Collected data entries

= Beginning of Section =

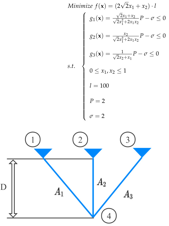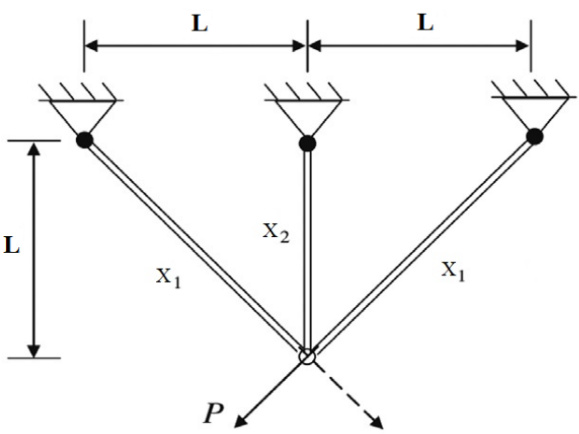 - 设计变量:杆件截面积 A1,A2,A3 和跨度 BB(范围 Ai∈[1,1000] in2], B∈[400,1000] in。
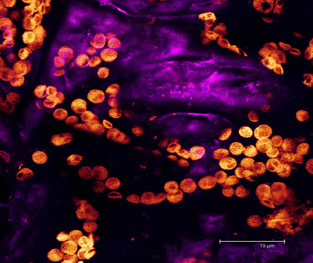 Overview Creator: LeValley, Kristy Subject: Description:Max image of a Dwarf Umbrella tree (Schefflera arboricola) leaf. Total depth 11.32um. Chloroplasts in glow, waxes in magenta Date Original:2013, February 23 Language:eng Rights Rights Management:Original materials may be protected by the Copyright Law of the United States (more information). Technical Digitization Specifications:Saved as JPEG (level 12) in Photoshop CS6 Date Digital:Wed, 02/04/2015 - 20:00 Format:image/jpeg Type:Image
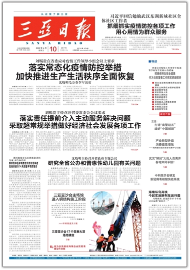 《三亞日?qǐng)?bào)》以科學(xué)發(fā)展觀統(tǒng)領(lǐng)新聞宣傳工作,深入開(kāi)展三項(xiàng)學(xué)習(xí)教育活動(dòng),堅(jiān)持貼近實(shí)際、貼近生活、貼近群眾,不斷創(chuàng)新內(nèi)容、創(chuàng)新形式、創(chuàng)新手段,為三亞建設(shè)國(guó)際性熱帶濱海旅游城市,打造更加幸福更加和諧的三亞提供強(qiáng)有力的輿論支持。
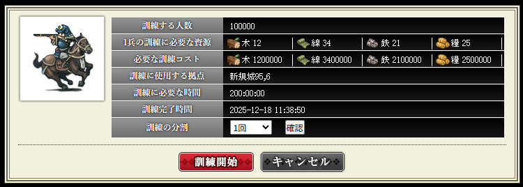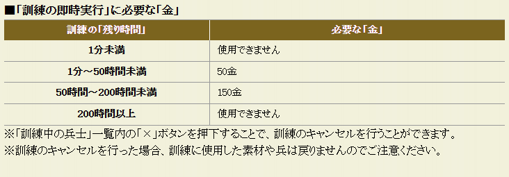 多めに兵数を練兵して、即時実行以上に時間がかかってしまうと新たに兵士練兵することができなくなるので、
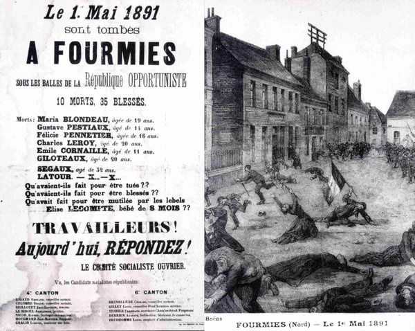 Au 19e siècle, la ville de Fourmies est une ville ouvrière comptant de nombreuses filatures. Des meetings sont organisés, on y dénonce les conditions de travail déplorables et on revendique la journée de 8 heures de travail. (La semaine de travail de 48 heures sera votée en France en 1919, celle de 40 heures en 1936 et celle de 35 heures en l’an 2000). Le 1er mai 1891 est resté gravé dans la mémoire de Fourmies.
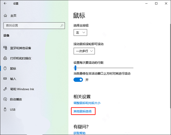 4、点击鼠标选项以后,然后在右侧点击“其他鼠标选项”,如下图所示;
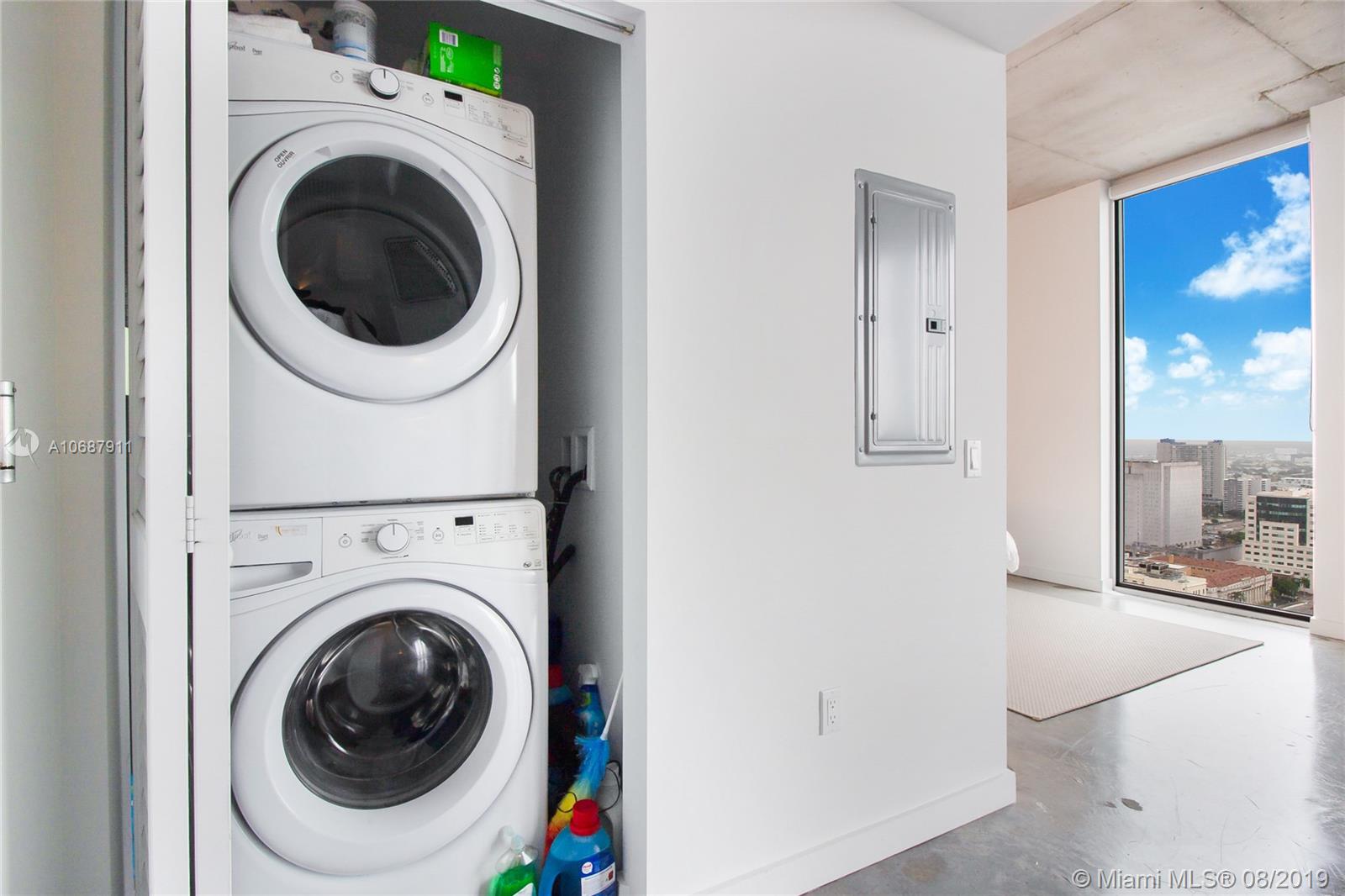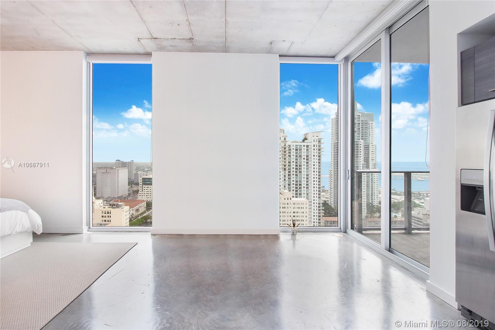 Floor-to-ceiling windows surrounded with impressive skyline & water views in the heart of Downtown Miami, this newer construction 1 bed/1 bath residence is an impeccable example of all that city living should be for the modern city dweller who wants to live-work-play. Contemporary design boasts an open-concept floor plan, modern Italian cabinetry & fixtures, pro-grade appliances complete an open kitchen perfect for entertaining, polished concrete flooring, daily conveniences of walk-in closet and washer&dryer. Just outside your door, all that downtown Miami has to offer is at your feet - walking distance to Brickell City Center, Bayside, Biscayne Bay, American Airlines Arena, Perez Art Museum, Whole Foods, People Mover, easy access to Metro upscale restaurants & shopping. Easy to show!

= End of Section =

What is being asked - An exact transcription of the records above is needed, with no pictures included.

Problem solution -
 - 设计变量:杆件截面积 A1,A2,A3 和跨度 BB(范围 Ai∈[1,1000] in2], B∈[400,1000] in。
 Overview Creator: LeValley, Kristy Subject: Description:Max image of a Dwarf Umbrella tree (Schefflera arboricola) leaf. Total depth 11.32um. Chloroplasts in glow, waxes in magenta Date Original:2013, February 23 Language:eng Rights Rights Management:Original materials may be protected by the Copyright Law of the United States (more information). Technical Digitization Specifications:Saved as JPEG (level 12) in Photoshop CS6 Date Digital:Wed, 02/04/2015 - 20:00 Format:image/jpeg Type:Image
 《三亞日?qǐng)?bào)》以科學(xué)發(fā)展觀統(tǒng)領(lǐng)新聞宣傳工作,深入開(kāi)展三項(xiàng)學(xué)習(xí)教育活動(dòng),堅(jiān)持貼近實(shí)際、貼近生活、貼近群眾,不斷創(chuàng)新內(nèi)容、創(chuàng)新形式、創(chuàng)新手段,為三亞建設(shè)國(guó)際性熱帶濱海旅游城市,打造更加幸福更加和諧的三亞提供強(qiáng)有力的輿論支持。
 多めに兵数を練兵して、即時実行以上に時間がかかってしまうと新たに兵士練兵することができなくなるので、
 Au 19e siècle, la ville de Fourmies est une ville ouvrière comptant de nombreuses filatures. Des meetings sont organisés, on y dénonce les conditions de travail déplorables et on revendique la journée de 8 heures de travail. (La semaine de travail de 48 heures sera votée en France en 1919, celle de 40 heures en 1936 et celle de 35 heures en l’an 2000). Le 1er mai 1891 est resté gravé dans la mémoire de Fourmies.
 4、点击鼠标选项以后,然后在右侧点击“其他鼠标选项”,如下图所示;
 Floor-to-ceiling windows surrounded with impressive skyline & water views in the heart of Downtown Miami, this newer construction 1 bed/1 bath residence is an impeccable example of all that city living should be for the modern city dweller who wants to live-work-play. Contemporary design boasts an open-concept floor plan, modern Italian cabinetry & fixtures, pro-grade appliances complete an open kitchen perfect for entertaining, polished concrete flooring, daily conveniences of walk-in closet and washer&dryer. Just outside your door, all that downtown Miami has to offer is at your feet - walking distance to Brickell City Center, Bayside, Biscayne Bay, American Airlines Arena, Perez Art Museum, Whole Foods, People Mover, easy access to Metro upscale restaurants & shopping. Easy to show!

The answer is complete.